Exercise instructions |
The records below are to be returned exactly as written, minus their pictures.
#### Entries shown
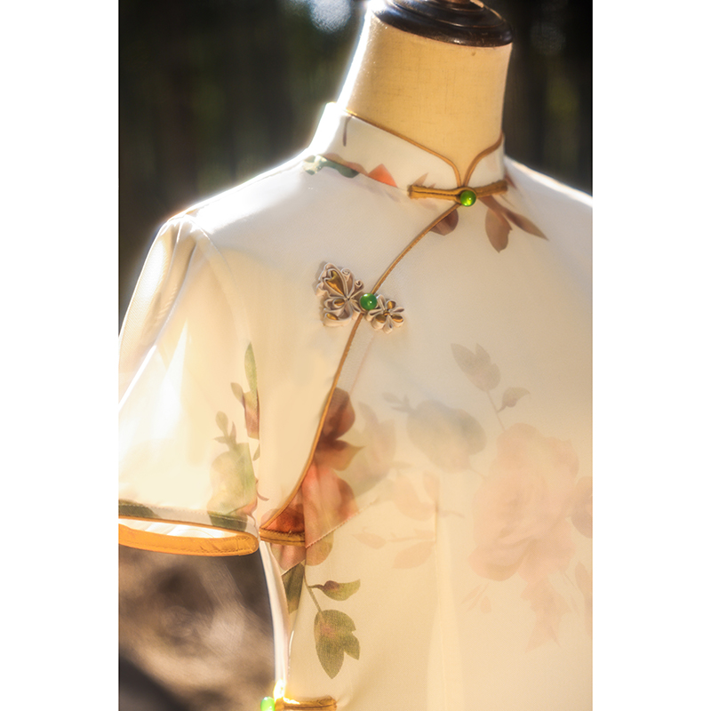 细语岁月 灰色蝴蝶结盘扣旗袍连衣裙开衫 秋季 新中式 女 新款 乔拉
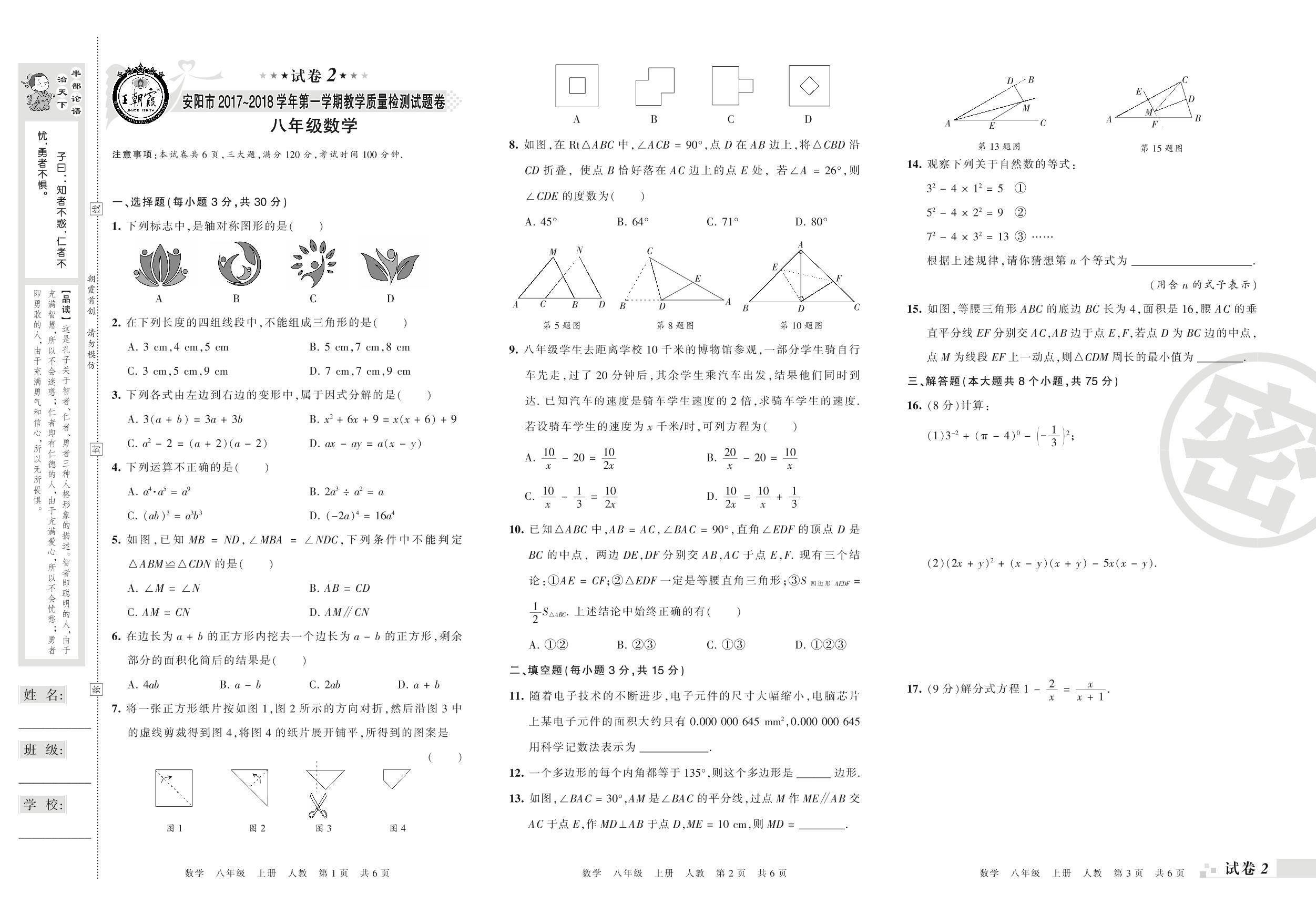 2017-2018学年第一学期安阳市八年级数学试卷(人教版)_R210806134406【2】
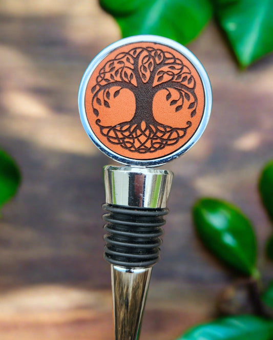 Tree Of Life Wine Bottle Stopper - Leather Bar Ware
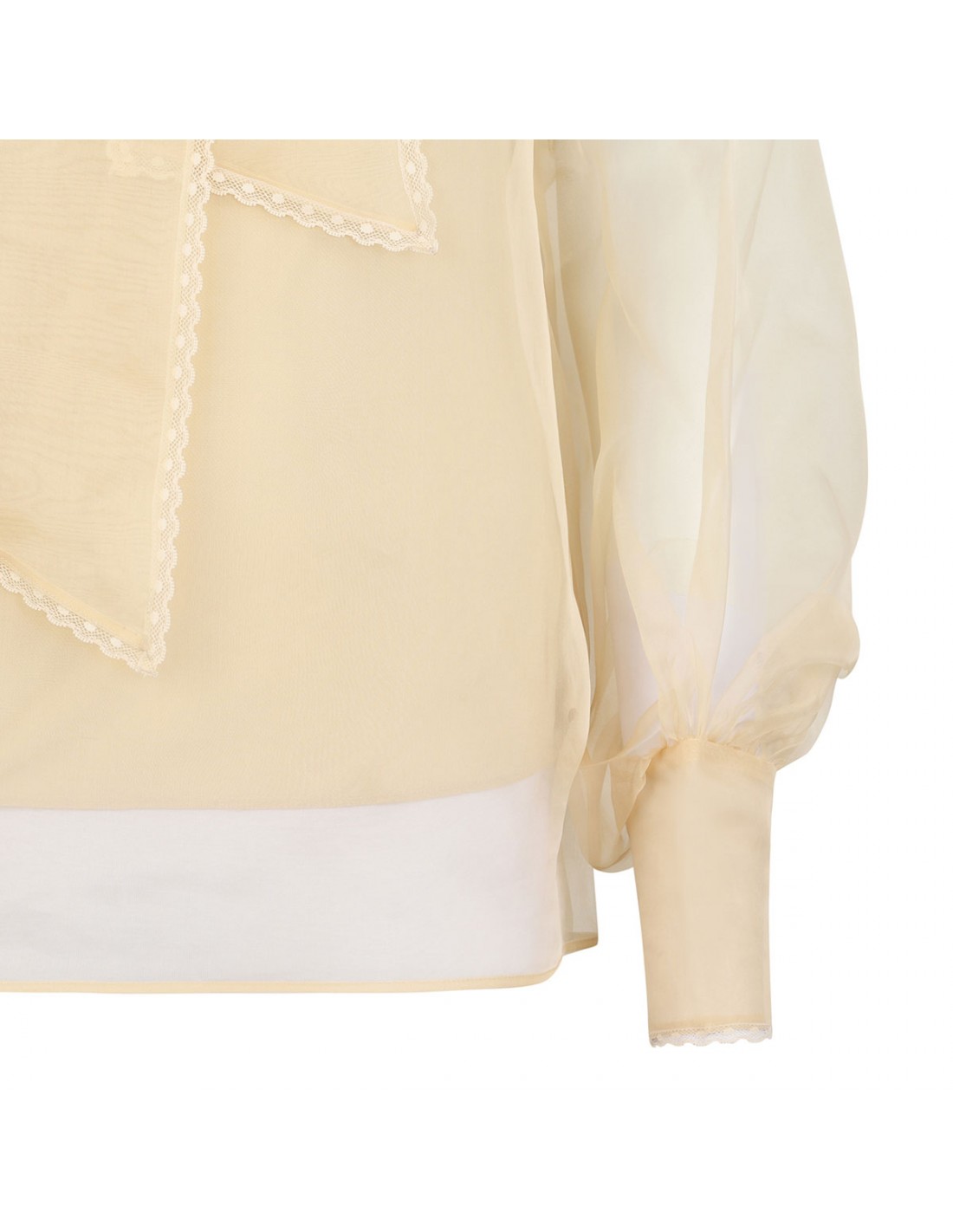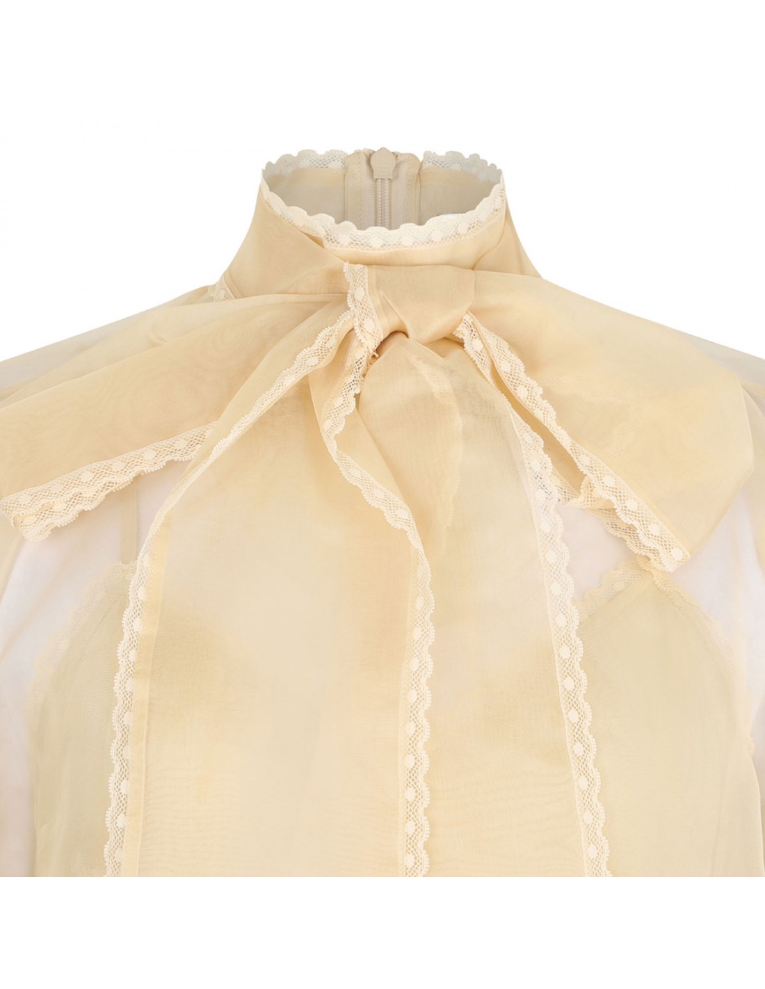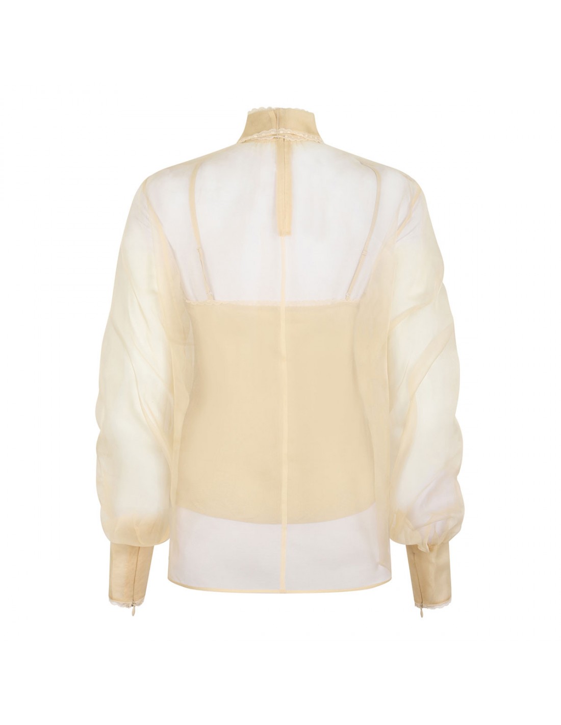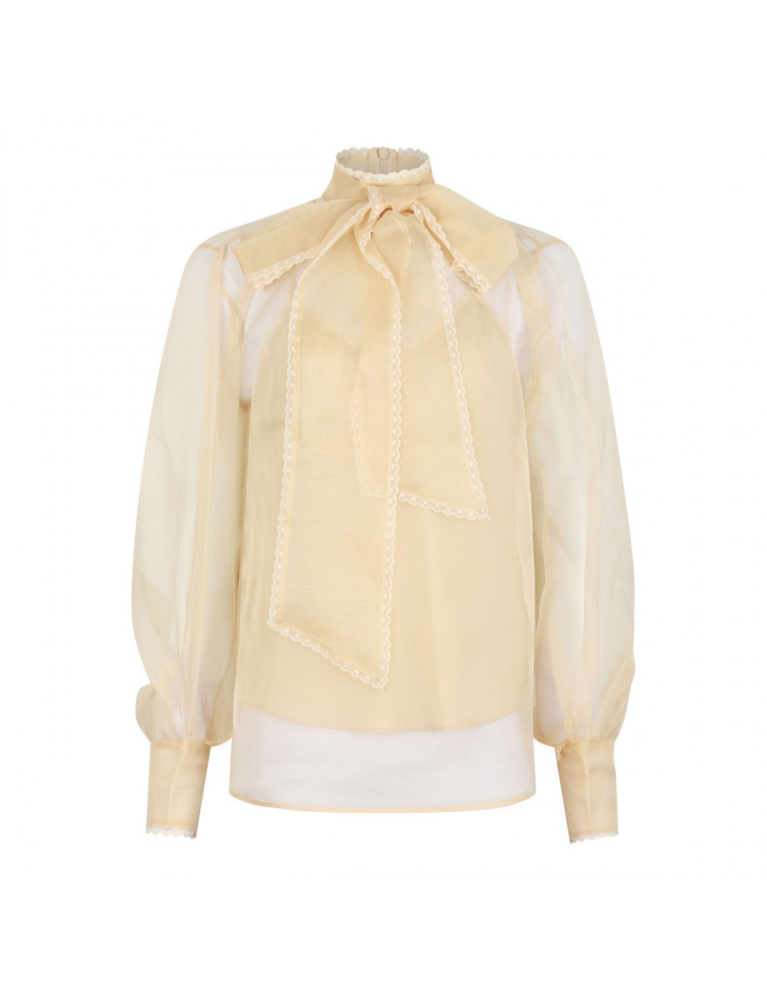 Sepia hue silk organza Memento blouse from Zimmermann featuring stand collar with pussybow necktie, long blouson sleeves, elongated cuffs with zip fastening and lace trims, concealed zip fastening at centre back, detachable cami.
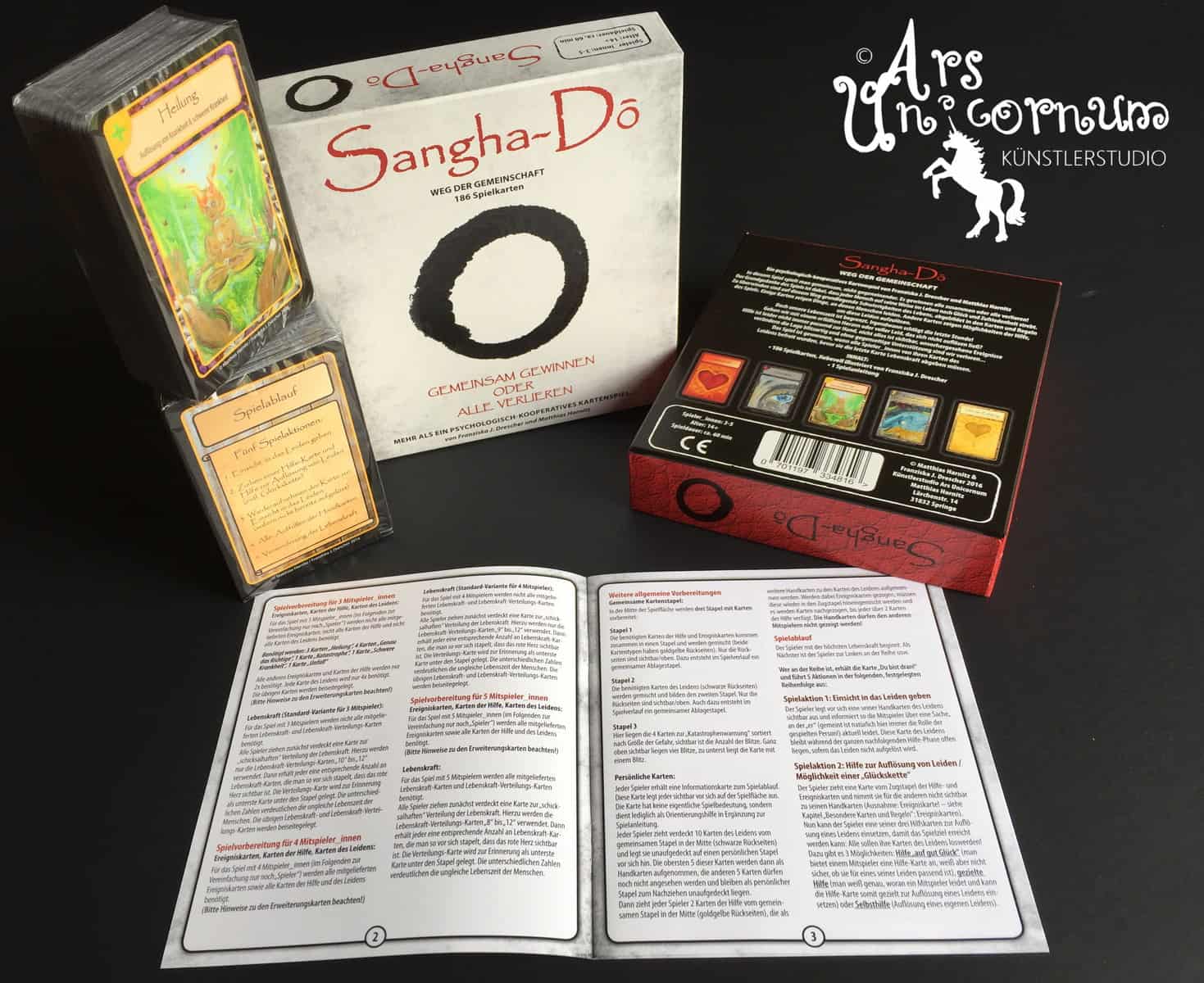 Die Spielkarten für das tolle Spiel „Sangha-Do“ wurden allesamt liebevoll von den beiden Entwicklerinnen Fransziska Drescher und Matthias Harnitz selbst gestaltet.
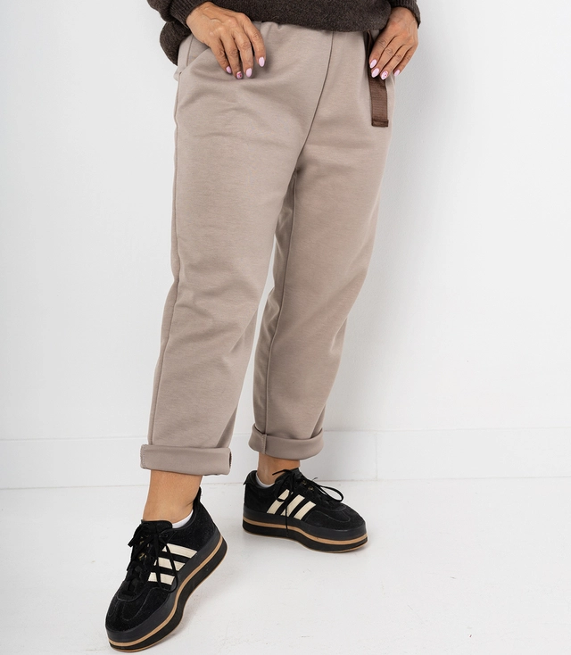 Damskie spodnie materiałowe casual z paskiem EVELIN
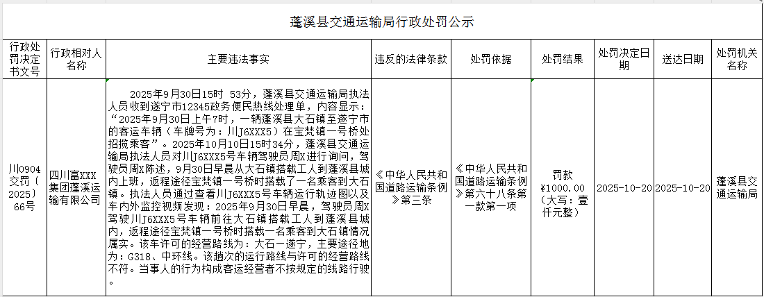 蓬溪县交通运输局行政处罚公示
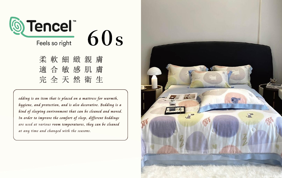 Tencel天絲™萊賽爾纖維製成的 100%60支 【卡羅】 鋪棉床包舖棉兩用被四件式組-60aa
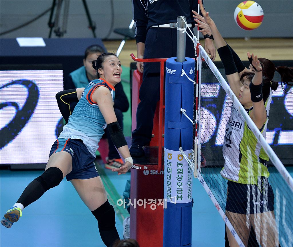 [장충=아시아경제 김현민 기자] 프로배구 2015-2016 V리그 여자부 GS칼텍스와 현대건설의 경기가 15일 장충체육관에서 열렸다. GS칼텍스 표승주가 상대 블로킹을 뚫고 공격하고 있다. 김현민 기자 kimhyun81@asiae.co.kr<ⓒ세계를 보는 창 경제를 보는 눈, 아시아경제(www.asiae.co.kr) 무단전재 배포금지>김현민 사진기자 kimhyun81@asiae.co.kr<ⓒ아시아 대표 석간 '아시아경제' (www.newsva.co.kr) 무단전재 배포금지>
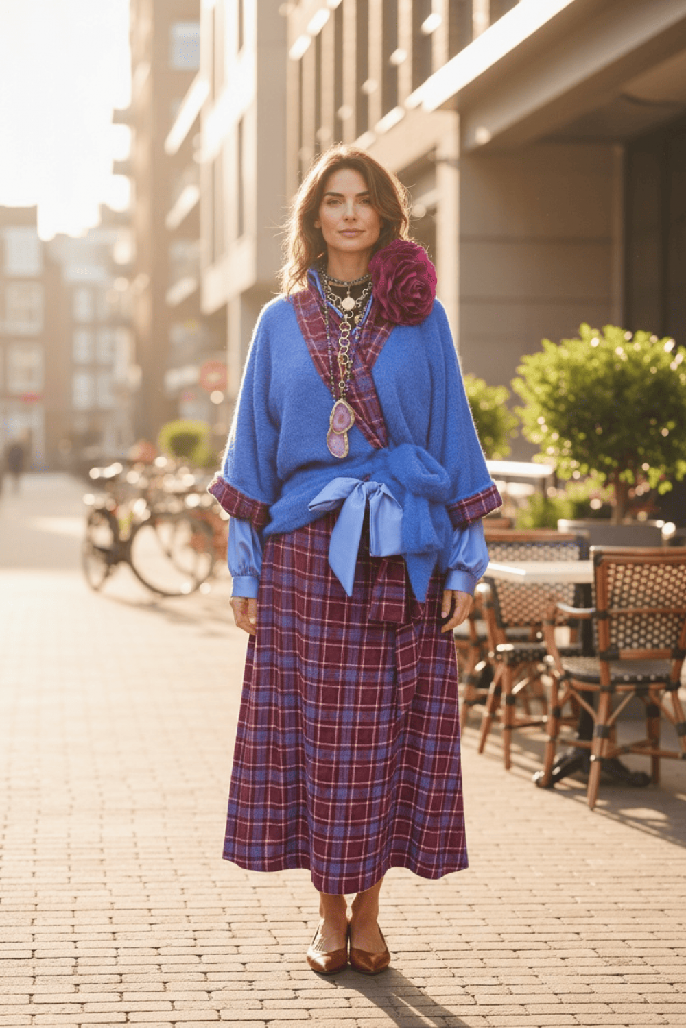Изработен од волнен тартан во темно пурпурна и сина шема, комплетот вклучува класична долга сукња и меко плетено кимоно во кралско сино.
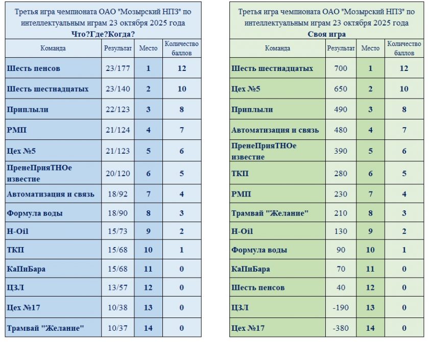Третья игра чемпионата ОАО «Мозырский НПЗ» по интеллектуальным играм Опубликовано 28.10.202528.10.2025 от ППО
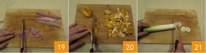 Now prepare the lasagna filling: cut the mackerel into not too large chunks 19, the chanterelles into thin slices 20, and the leek into thin rounds 21.
########
Response area |
 细语岁月 灰色蝴蝶结盘扣旗袍连衣裙开衫 秋季 新中式 女 新款 乔拉
 2017-2018学年第一学期安阳市八年级数学试卷(人教版)_R210806134406【2】
 Tree Of Life Wine Bottle Stopper - Leather Bar Ware
 Sepia hue silk organza Memento blouse from Zimmermann featuring stand collar with pussybow necktie, long blouson sleeves, elongated cuffs with zip fastening and lace trims, concealed zip fastening at centre back, detachable cami.
 Die Spielkarten für das tolle Spiel „Sangha-Do“ wurden allesamt liebevoll von den beiden Entwicklerinnen Fransziska Drescher und Matthias Harnitz selbst gestaltet.
 Damskie spodnie materiałowe casual z paskiem EVELIN
 蓬溪县交通运输局行政处罚公示
 Tencel天絲™萊賽爾纖維製成的 100%60支 【卡羅】 鋪棉床包舖棉兩用被四件式組-60aa
 [장충=아시아경제 김현민 기자] 프로배구 2015-2016 V리그 여자부 GS칼텍스와 현대건설의 경기가 15일 장충체육관에서 열렸다. GS칼텍스 표승주가 상대 블로킹을 뚫고 공격하고 있다. 김현민 기자 kimhyun81@asiae.co.kr<ⓒ세계를 보는 창 경제를 보는 눈, 아시아경제(www.asiae.co.kr) 무단전재 배포금지>김현민 사진기자 kimhyun81@asiae.co.kr<ⓒ아시아 대표 석간 '아시아경제' (www.newsva.co.kr) 무단전재 배포금지>
Изработен од волнен тартан во темно пурпурна и сина шема, комплетот вклучува класична долга сукња и меко плетено кимоно во кралско сино.
Третья игра чемпионата ОАО «Мозырский НПЗ» по интеллектуальным играм Опубликовано 28.10.202528.10.2025 от ППО
 Now prepare the lasagna filling: cut the mackerel into not too large chunks 19, the chanterelles into thin slices 20, and the leek into thin rounds 21.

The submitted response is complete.